My mom makes this all the time with turkey kielbasa. Its great :D
Yay Saveur!
I grew up with a Polish grandmother (she came to the US from Poland in the 40's and never spoke English well). We never had bigos for Easter, though. What we always had (and what I'll make this year) is a big special kielbasa (with big chunks of pork in it), ham with horseradish, dyed eggs, rye bread, babka, and maybe some pierogies because my sister and I loved them so much. We also always had a piece of butter molded into a lamb shape.
My background is Polish and this is NOT an Easter meal. In fact the traditional soup is zurek (thanks aniawl - where did you get the z with the dot? lol) Zurek is called Sour Rye Soup in english. http://en.wikipedia.org/wiki/Sour_rye_soup
This is what you want to make for Easter.

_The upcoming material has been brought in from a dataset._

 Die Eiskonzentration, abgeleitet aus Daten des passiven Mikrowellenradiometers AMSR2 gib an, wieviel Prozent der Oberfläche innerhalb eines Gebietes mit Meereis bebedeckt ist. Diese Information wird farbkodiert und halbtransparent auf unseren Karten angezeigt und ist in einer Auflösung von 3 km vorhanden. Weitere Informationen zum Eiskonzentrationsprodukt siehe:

Back to Bigos - it's a hardy inexpensive stew to feed a whole family in the winter months - definitely served with rye bread). Smacznego!

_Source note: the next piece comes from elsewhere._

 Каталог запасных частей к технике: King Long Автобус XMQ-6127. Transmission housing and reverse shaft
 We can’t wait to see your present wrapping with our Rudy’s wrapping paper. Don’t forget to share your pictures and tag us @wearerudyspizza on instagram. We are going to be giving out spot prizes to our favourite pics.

Bigos with tomatoes? That's like pineapples in bolognese sauce. In my family we had a simpler version of bigos called kapusta (cabbage) almost every week, so it definitely wasn't holiday food. At Easter we always have special kielbasa, spicier, more heavily smoked, and made with bigger pieces of pork, as well as poppy seed cakes, cheese cakes, babka, horseradish, and paczki (prune filled doughnuts). My uncles also busted out the krupnik (Polish rocket fuel distilled from honey) and the weird foods like headcheese, jellied pigs feet, and (GAK!) blood sausage.
This just makes me think: VESELKA.
I've been eating bigos for over 60 years and never had it with tomatoes OR at Easter. But things change and the recipe from Saveur looks good to me.
Ham was what we had at Easter, especially right after midnight mass. With all the fasting and meatless meals during Lent, a slice of ham at 2:00 am on Eater morning was the best thing possible.
@melkozek & @rubenclamzo: YOU ARE MY PEOPLE! yea! for kapusta and yea! for ham after midnight mass!